If you’re using it indoors, a template helps you to cut correctly sized vent holes in a piece of foam or board to fit neatly across an open window. As usual with Ecoflow products, it’s most intuitively controlled using the app (via WiFi or Bluetooth), but there are also small buttons on the unit itself, next to a display that shows the functions you’ve enabled (dehumidification, cooling, heating, fan) along with ambient temperature, humidity level, battery level and so on. Evidently the cooling and dehumidifying processes accumulate water in an internal tank, and you’re alerted when it needs emptying – although I found that process (involving a plastic tube and another receptacle to collect the water) unnecessarily fiddly.

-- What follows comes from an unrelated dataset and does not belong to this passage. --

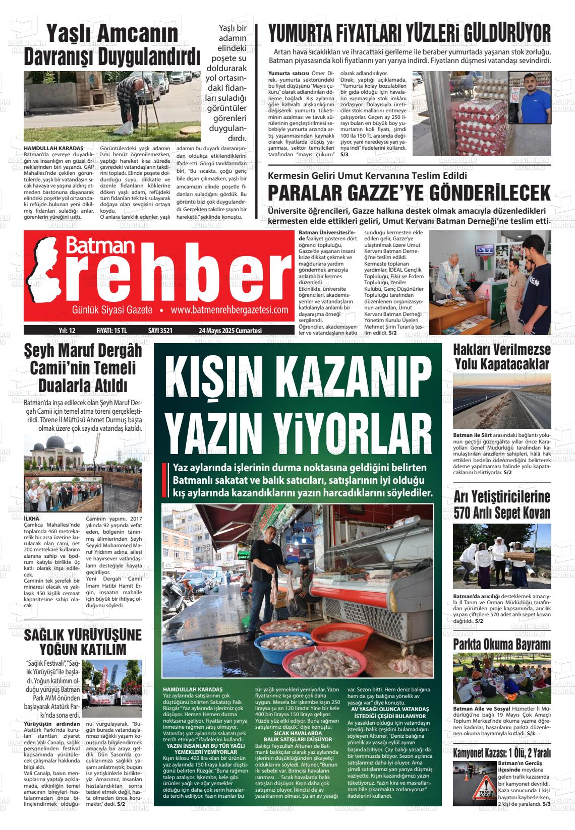 Gazetemiz Batman Rehber’in 24 Mayıs tarihli manşeti

It’s easy to lift and highly transportable, with the ducts collapsing and stacking neatly inside each other and a winder for the power cable. Your summer house will become habitable, your tent no longer a sweltering pit of misery.


Cold and clinical

BlueAir ComfortPure T10i air purifier, £299

BlueAir ComfortPure T10i air purifier

Price: £299

Click: blueair.com

If the air quality in your home feels pretty good and allergies aren’t a problem, a standalone air purifier may feel like a mildly indulgent purchase. But if that purifier incorporates a fan and a heater – as the ComfortPure does – it presents a compelling case for becoming a year-round domestic pal. Let’s deal with summer first. Its “Cooling” feature has four fan speeds, of which the lowest two feel quiet enough for night-time use; the unit can also rotate from just 45º up to 350º, and although it’s floor-standing and only knee high, it directs air upwards towards anyone sitting (or lying) nearby. The heater works identically – four fan settings and controllable oscillation (angle, speed) – but you can also specify a target temperature for the room.

Purification happens whenever the unit is running, but if you want neither fan nor heater engaged, a “Boosted Purification” mode pushes air out through the top rather than the sides, while an “Eco” mode puts everything on standby until poor air quality is detected. The indoor temperature or the pollution level (PM 2.5, specifically) are displayed on the touch panel, along with a colour-coded light (red for poor air quality, through yellow for moderate and blue for excellent). You can operate it via the panel, a remote, an app or voice commands via integration with Alexa and Google Assistant. It’s quiet, unassuming, obedient and very useful.